> _TASK ITEM_
In the data below, reproduce everything exactly except the images.

===== MATERIAL PROVIDED

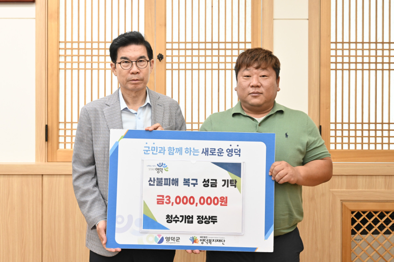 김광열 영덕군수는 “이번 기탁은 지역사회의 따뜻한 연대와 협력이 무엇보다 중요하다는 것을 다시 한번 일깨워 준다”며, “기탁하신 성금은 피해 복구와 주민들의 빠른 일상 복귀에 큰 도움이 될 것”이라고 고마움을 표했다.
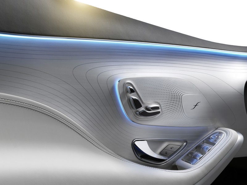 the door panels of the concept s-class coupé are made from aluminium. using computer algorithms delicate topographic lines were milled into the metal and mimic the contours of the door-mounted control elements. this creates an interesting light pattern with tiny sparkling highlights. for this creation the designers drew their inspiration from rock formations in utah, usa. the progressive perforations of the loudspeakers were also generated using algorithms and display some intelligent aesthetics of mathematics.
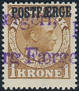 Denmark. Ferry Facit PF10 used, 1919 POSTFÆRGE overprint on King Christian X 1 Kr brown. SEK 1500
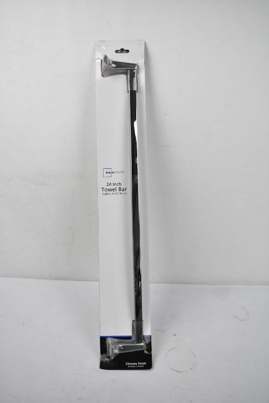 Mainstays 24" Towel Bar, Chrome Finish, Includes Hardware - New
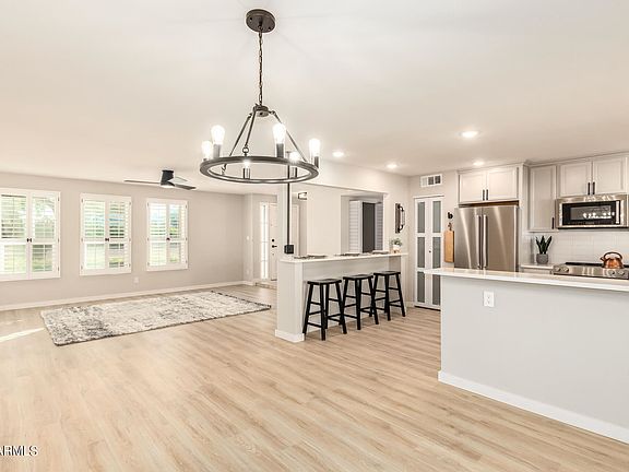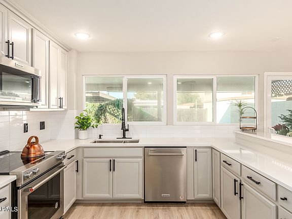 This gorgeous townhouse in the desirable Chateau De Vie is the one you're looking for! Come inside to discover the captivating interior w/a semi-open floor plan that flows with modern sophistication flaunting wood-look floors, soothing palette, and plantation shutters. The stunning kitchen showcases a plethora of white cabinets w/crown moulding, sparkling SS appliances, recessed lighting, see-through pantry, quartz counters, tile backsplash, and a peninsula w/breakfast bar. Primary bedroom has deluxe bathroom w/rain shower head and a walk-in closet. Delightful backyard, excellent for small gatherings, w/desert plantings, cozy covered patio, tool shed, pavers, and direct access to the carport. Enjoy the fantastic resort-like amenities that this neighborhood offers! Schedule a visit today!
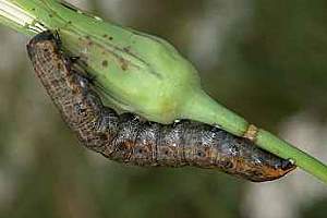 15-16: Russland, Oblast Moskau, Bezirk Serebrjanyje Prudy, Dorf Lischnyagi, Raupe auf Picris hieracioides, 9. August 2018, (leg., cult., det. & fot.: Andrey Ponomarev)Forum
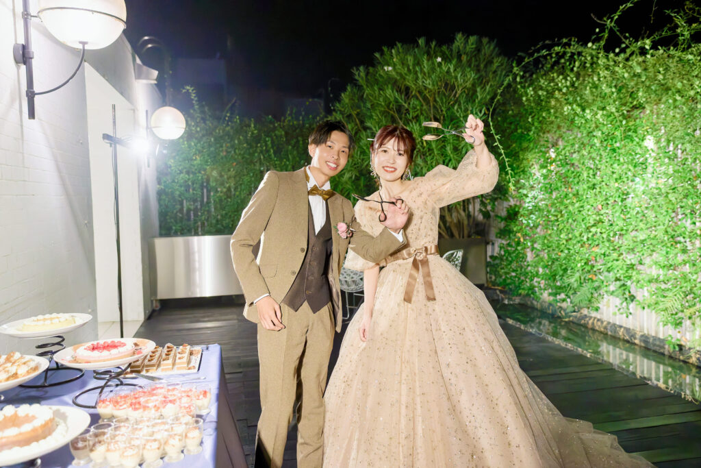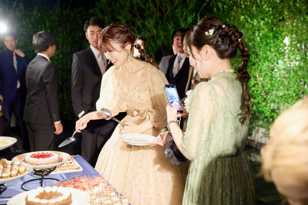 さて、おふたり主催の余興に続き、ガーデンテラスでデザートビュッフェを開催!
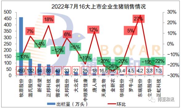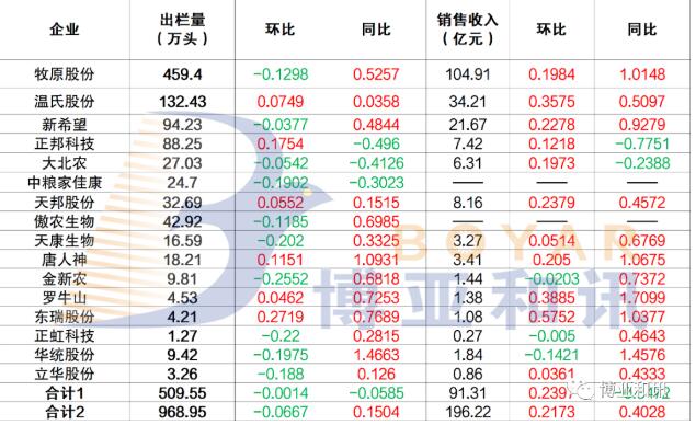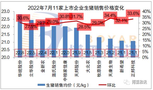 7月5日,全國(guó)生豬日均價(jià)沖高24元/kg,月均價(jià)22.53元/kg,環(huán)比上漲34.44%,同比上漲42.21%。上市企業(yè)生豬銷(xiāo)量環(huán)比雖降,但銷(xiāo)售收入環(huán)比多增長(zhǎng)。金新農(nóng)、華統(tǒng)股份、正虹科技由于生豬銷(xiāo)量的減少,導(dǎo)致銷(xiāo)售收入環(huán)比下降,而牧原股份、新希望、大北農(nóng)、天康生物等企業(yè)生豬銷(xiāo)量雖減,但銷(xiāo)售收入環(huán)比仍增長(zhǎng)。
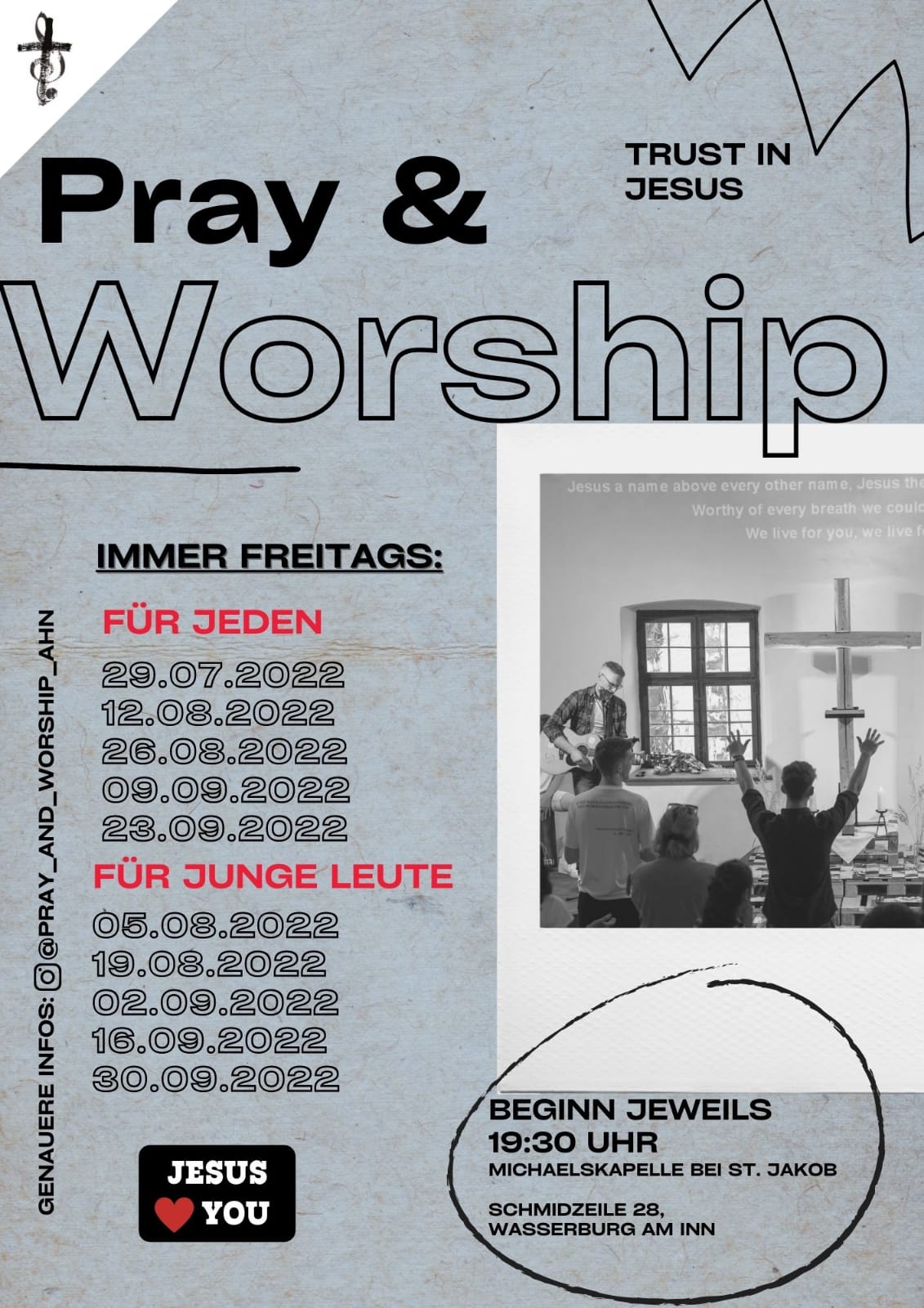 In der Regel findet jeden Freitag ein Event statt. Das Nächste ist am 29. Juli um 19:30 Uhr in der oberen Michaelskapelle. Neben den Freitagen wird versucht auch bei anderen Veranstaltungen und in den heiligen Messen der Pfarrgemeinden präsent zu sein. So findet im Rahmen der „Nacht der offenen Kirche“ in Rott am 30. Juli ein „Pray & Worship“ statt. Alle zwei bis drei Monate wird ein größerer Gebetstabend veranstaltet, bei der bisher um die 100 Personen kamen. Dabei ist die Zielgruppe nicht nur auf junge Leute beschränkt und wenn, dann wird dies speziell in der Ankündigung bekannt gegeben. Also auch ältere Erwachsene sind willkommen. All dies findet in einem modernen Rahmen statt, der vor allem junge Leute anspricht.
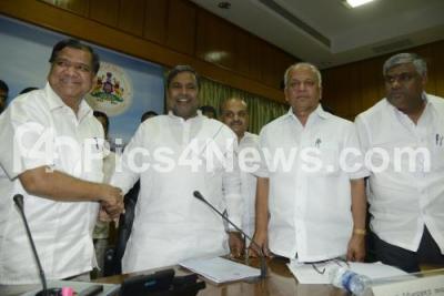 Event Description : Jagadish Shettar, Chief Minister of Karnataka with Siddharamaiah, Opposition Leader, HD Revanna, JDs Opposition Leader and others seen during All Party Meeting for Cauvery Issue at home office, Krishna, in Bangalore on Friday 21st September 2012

==========

> _TASK ANSWER_
 김광열 영덕군수는 “이번 기탁은 지역사회의 따뜻한 연대와 협력이 무엇보다 중요하다는 것을 다시 한번 일깨워 준다”며, “기탁하신 성금은 피해 복구와 주민들의 빠른 일상 복귀에 큰 도움이 될 것”이라고 고마움을 표했다.
 the door panels of the concept s-class coupé are made from aluminium. using computer algorithms delicate topographic lines were milled into the metal and mimic the contours of the door-mounted control elements. this creates an interesting light pattern with tiny sparkling highlights. for this creation the designers drew their inspiration from rock formations in utah, usa. the progressive perforations of the loudspeakers were also generated using algorithms and display some intelligent aesthetics of mathematics.
 Denmark. Ferry Facit PF10 used, 1919 POSTFÆRGE overprint on King Christian X 1 Kr brown. SEK 1500
 Mainstays 24" Towel Bar, Chrome Finish, Includes Hardware - New
 This gorgeous townhouse in the desirable Chateau De Vie is the one you're looking for! Come inside to discover the captivating interior w/a semi-open floor plan that flows with modern sophistication flaunting wood-look floors, soothing palette, and plantation shutters. The stunning kitchen showcases a plethora of white cabinets w/crown moulding, sparkling SS appliances, recessed lighting, see-through pantry, quartz counters, tile backsplash, and a peninsula w/breakfast bar. Primary bedroom has deluxe bathroom w/rain shower head and a walk-in closet. Delightful backyard, excellent for small gatherings, w/desert plantings, cozy covered patio, tool shed, pavers, and direct access to the carport. Enjoy the fantastic resort-like amenities that this neighborhood offers! Schedule a visit today!
 15-16: Russland, Oblast Moskau, Bezirk Serebrjanyje Prudy, Dorf Lischnyagi, Raupe auf Picris hieracioides, 9. August 2018, (leg., cult., det. & fot.: Andrey Ponomarev)Forum
 さて、おふたり主催の余興に続き、ガーデンテラスでデザートビュッフェを開催!
 7月5日,全國(guó)生豬日均價(jià)沖高24元/kg,月均價(jià)22.53元/kg,環(huán)比上漲34.44%,同比上漲42.21%。上市企業(yè)生豬銷(xiāo)量環(huán)比雖降,但銷(xiāo)售收入環(huán)比多增長(zhǎng)。金新農(nóng)、華統(tǒng)股份、正虹科技由于生豬銷(xiāo)量的減少,導(dǎo)致銷(xiāo)售收入環(huán)比下降,而牧原股份、新希望、大北農(nóng)、天康生物等企業(yè)生豬銷(xiāo)量雖減,但銷(xiāo)售收入環(huán)比仍增長(zhǎng)。
 In der Regel findet jeden Freitag ein Event statt. Das Nächste ist am 29. Juli um 19:30 Uhr in der oberen Michaelskapelle. Neben den Freitagen wird versucht auch bei anderen Veranstaltungen und in den heiligen Messen der Pfarrgemeinden präsent zu sein. So findet im Rahmen der „Nacht der offenen Kirche“ in Rott am 30. Juli ein „Pray & Worship“ statt. Alle zwei bis drei Monate wird ein größerer Gebetstabend veranstaltet, bei der bisher um die 100 Personen kamen. Dabei ist die Zielgruppe nicht nur auf junge Leute beschränkt und wenn, dann wird dies speziell in der Ankündigung bekannt gegeben. Also auch ältere Erwachsene sind willkommen. All dies findet in einem modernen Rahmen statt, der vor allem junge Leute anspricht.
 Event Description : Jagadish Shettar, Chief Minister of Karnataka with Siddharamaiah, Opposition Leader, HD Revanna, JDs Opposition Leader and others seen during All Party Meeting for Cauvery Issue at home office, Krishna, in Bangalore on Friday 21st September 2012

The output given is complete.